This might be a start. the algorithm attempts to k means cluster the points by iterating k from 2 to the number of points validating each solution along the way. You should pick the lowest number.

It works by clustering the points and then checking that each cluster obeys the constraint. If any cluster is not compliant the solution is labeled as False and we move on to the next number of clusters.
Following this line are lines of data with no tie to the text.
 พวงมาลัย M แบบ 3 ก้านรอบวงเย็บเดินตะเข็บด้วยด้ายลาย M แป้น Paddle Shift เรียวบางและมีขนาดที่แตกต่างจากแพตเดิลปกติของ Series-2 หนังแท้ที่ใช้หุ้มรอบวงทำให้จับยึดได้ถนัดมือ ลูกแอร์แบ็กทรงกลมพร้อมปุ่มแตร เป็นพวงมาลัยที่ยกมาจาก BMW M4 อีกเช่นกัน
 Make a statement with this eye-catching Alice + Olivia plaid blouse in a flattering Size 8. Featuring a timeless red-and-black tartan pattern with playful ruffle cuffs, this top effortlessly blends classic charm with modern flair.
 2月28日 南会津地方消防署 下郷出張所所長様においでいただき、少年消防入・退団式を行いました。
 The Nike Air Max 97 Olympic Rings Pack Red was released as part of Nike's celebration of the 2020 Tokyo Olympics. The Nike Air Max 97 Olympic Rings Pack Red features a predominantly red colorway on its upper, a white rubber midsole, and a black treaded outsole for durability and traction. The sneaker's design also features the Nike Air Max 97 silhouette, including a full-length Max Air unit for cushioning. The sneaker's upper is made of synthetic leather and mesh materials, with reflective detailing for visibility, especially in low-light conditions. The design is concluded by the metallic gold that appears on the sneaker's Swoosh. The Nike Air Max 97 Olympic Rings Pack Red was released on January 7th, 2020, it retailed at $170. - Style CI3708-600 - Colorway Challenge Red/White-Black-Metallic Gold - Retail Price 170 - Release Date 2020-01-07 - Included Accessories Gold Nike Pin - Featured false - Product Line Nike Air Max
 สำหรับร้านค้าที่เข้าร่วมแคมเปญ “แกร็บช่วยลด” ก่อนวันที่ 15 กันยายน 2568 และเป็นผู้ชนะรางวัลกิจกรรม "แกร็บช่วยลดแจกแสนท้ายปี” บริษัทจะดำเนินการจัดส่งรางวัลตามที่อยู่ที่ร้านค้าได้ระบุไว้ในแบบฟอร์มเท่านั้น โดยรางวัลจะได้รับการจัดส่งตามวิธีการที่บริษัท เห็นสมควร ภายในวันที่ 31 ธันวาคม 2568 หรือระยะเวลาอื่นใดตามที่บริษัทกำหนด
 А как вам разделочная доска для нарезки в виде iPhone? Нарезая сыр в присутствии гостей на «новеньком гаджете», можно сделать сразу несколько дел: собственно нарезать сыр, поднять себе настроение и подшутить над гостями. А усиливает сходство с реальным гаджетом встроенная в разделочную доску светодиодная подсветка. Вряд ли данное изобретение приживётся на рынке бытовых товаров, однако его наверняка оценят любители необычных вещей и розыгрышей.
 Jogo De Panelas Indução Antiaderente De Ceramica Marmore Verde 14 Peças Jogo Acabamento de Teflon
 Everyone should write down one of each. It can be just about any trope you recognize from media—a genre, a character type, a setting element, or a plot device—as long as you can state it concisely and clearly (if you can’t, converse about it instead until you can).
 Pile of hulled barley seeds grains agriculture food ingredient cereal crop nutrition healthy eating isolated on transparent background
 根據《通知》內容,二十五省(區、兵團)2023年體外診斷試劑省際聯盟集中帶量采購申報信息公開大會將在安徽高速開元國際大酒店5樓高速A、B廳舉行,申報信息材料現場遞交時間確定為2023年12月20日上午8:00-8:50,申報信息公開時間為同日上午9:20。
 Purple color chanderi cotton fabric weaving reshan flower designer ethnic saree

Because the K-means algorithm used in sklearn falls into local minima, proving whether or not this is the solution you're looking for is the best one is still to be established, but it could be one

import numpy as np
from sklearn.cluster import KMeans
from scipy.spatial.distance import cdist
import math

points = np.array([[33.    , 41.    ],
       [33.9693, 41.3923],
       [33.6074, 41.277 ],
       [34.4823, 41.919 ],
       [34.3702, 41.1424],
       [34.3931, 41.078 ],
       [34.2377, 41.0576],
       [34.2395, 41.0211],
       [34.4443, 41.3499],
       [34.3812, 40.9793]])


def distance(origin, destination): #found here https://gist.github.com/rochacbruno/2883505
    lat1, lon1 = origin[0],origin[1]
    lat2, lon2 = destination[0],destination[1]
    radius = 6371 # km
    dlat = math.radians(lat2-lat1)
    dlon = math.radians(lon2-lon1)
    a = math.sin(dlat/2) * math.sin(dlat/2) + math.cos(math.radians(lat1)) 
        * math.cos(math.radians(lat2)) * math.sin(dlon/2) * math.sin(dlon/2)
    c = 2 * math.atan2(math.sqrt(a), math.sqrt(1-a))
    d = radius * c

    return d

def create_clusters(number_of_clusters,points):
    kmeans = KMeans(n_clusters=number_of_clusters, random_state=0).fit(points)
    l_array = np.array([[label] for label in kmeans.labels_])
    clusters = np.append(points,l_array,axis=1)
    return clusters

def validate_solution(max_dist,clusters):
    _, __, n_clust = clusters.max(axis=0)
    n_clust = int(n_clust)
    for i in range(n_clust):
        two_d_cluster=clusters[clusters[:,2] == i][:,np.array([True, True, False])]
        if not validate_cluster(max_dist,two_d_cluster):
            return False
        else:
            continue
    return True

def validate_cluster(max_dist,cluster):
    distances = cdist(cluster,cluster, lambda ori,des: int(round(distance(ori,des))))
    print(distances)
    print(30*'-')
    for item in distances.flatten():
        if item > max_dist:
            return False
    return True

if __name__ == '__main__':
    for i in range(2,len(points)):
        print(i)
        print(validate_solution(20,create_clusters(i,points)))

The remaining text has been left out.